Task instructions: Please transcribe only the lines between the one containing "IPRee Outdoor Courtyard" and the end of the records, both ends included, exactly as written; skip every picture.

Exercise data:
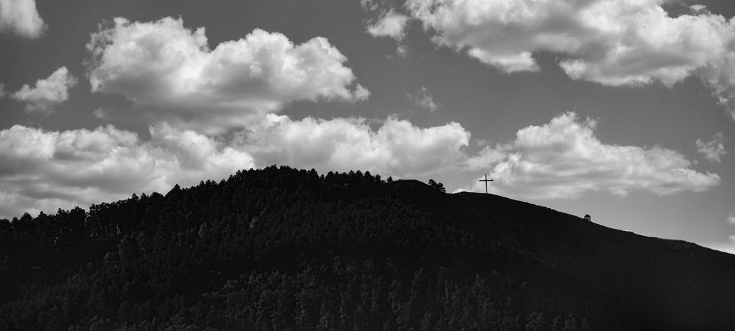 The famous Gostilj hill in the Balkans, on which there is a large cross 12 meters high
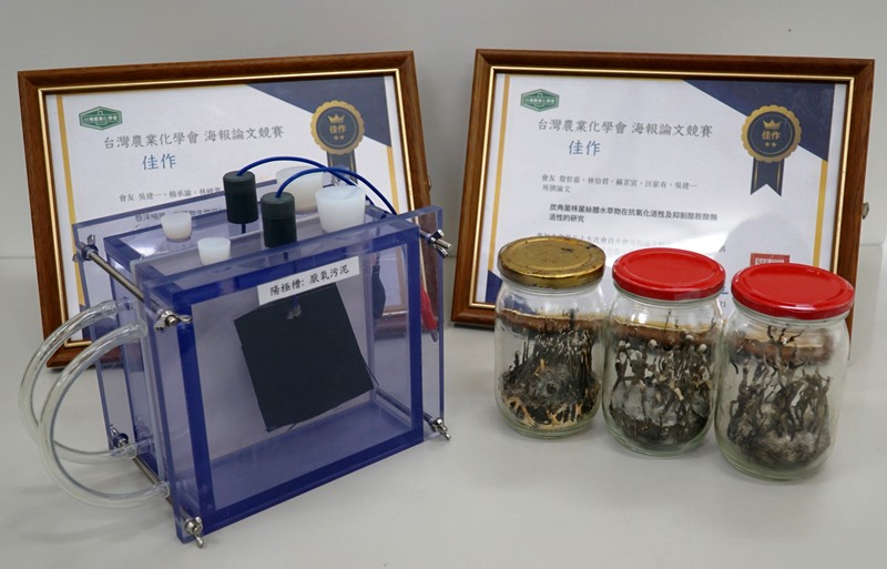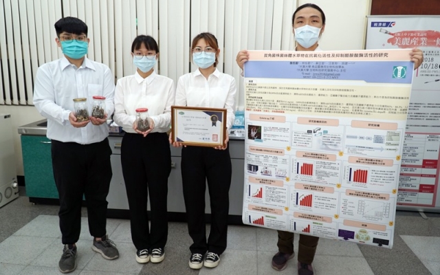 同樣獲頒佳作的「炭角菌株菌絲體水萃物在抗氧化活性及抑制酪胺酸(酉每)活性的研究」,由吳建一老師指導碩士生詹哲嘉、汪家有、大三生林怡君、蘇芷宣完成。林怡君同學指出,他們採集生長在白蟻窩的真菌,人工培養後篩選出炭角菌株,進一步研究萃取物的成分含量、抗氧化活性,以及抑制酪胺酸(酉每)活性,實驗證實具有應用於食品及美粧的潛力。
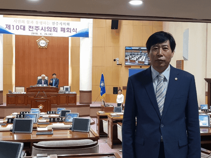 ▲ 26일 전주시의회 마지막에 참석한 남관우 의원 ©이영노
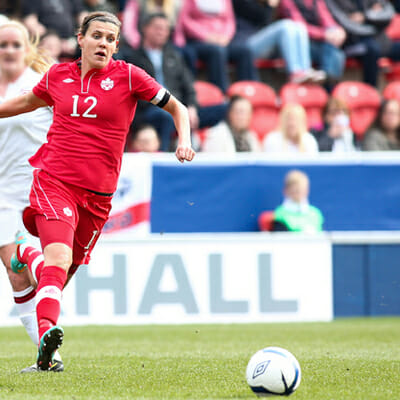 Christine Sinclair est la joueuse de football la plus titrée à avoir jamais porté les couleurs du Canada. Elle a fait ses débuts avec l’équipe nationale senior à l’âge de 16 ans, lors de la Coupe de l’Algarve 2000, où elle a également marqué son premier but international.
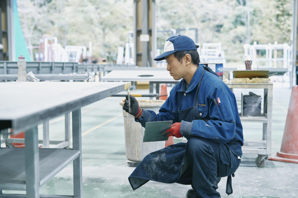 扉の溶接をしており、数ミリのズレが命取りになるような緻密さが求められるため、アーク溶接とTIG溶接を使い分けています。最初は難しかった作業も、経験を重ねるうちにできるようになり、成長を実感しています。失敗を恐れず挑戦することで技術が身につき、できることが増えるたびにやりがいを感じます。
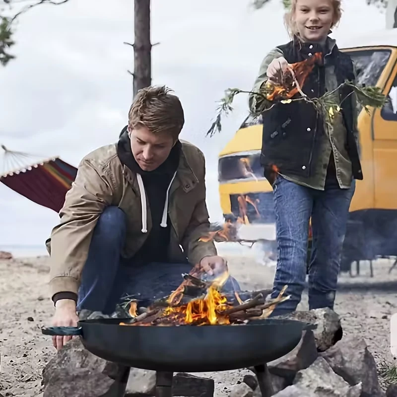 IPRee Outdoor Courtyard Round Brazier Portable Wood Stove 4-5 People Household Charcoal Heating Stove Portable Firepit Outdoor Yard Garden Picnic Campfire Grill Rack
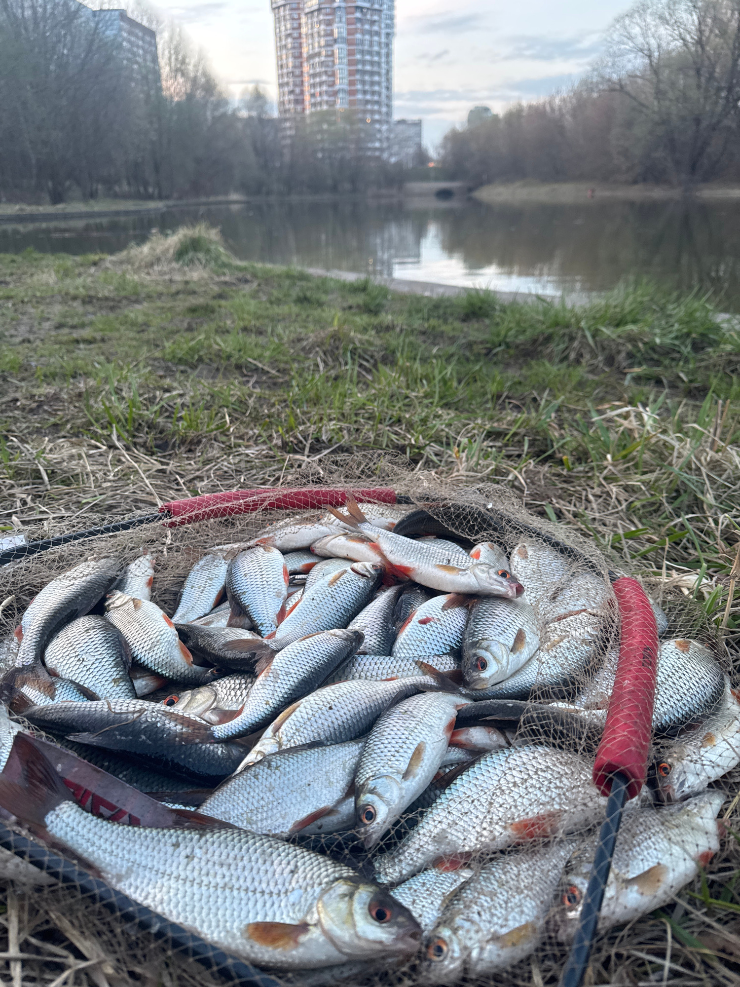 The image depicts a fishing net filled with numerous roach fish, laid on grass beside a body of water. The buildings reflected in the water suggest an urban environment, likely in Moscow, Russia. The…read more
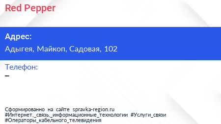 Red Pepper по адресу Адыгея, Майкоп, Садовая, 102 в дальнейшем Организация, размещена в следующих категориях:

Response area:
 IPRee Outdoor Courtyard Round Brazier Portable Wood Stove 4-5 People Household Charcoal Heating Stove Portable Firepit Outdoor Yard Garden Picnic Campfire Grill Rack
 The image depicts a fishing net filled with numerous roach fish, laid on grass beside a body of water. The buildings reflected in the water suggest an urban environment, likely in Moscow, Russia. The…read more
 Red Pepper по адресу Адыгея, Майкоп, Садовая, 102 в дальнейшем Организация, размещена в следующих категориях:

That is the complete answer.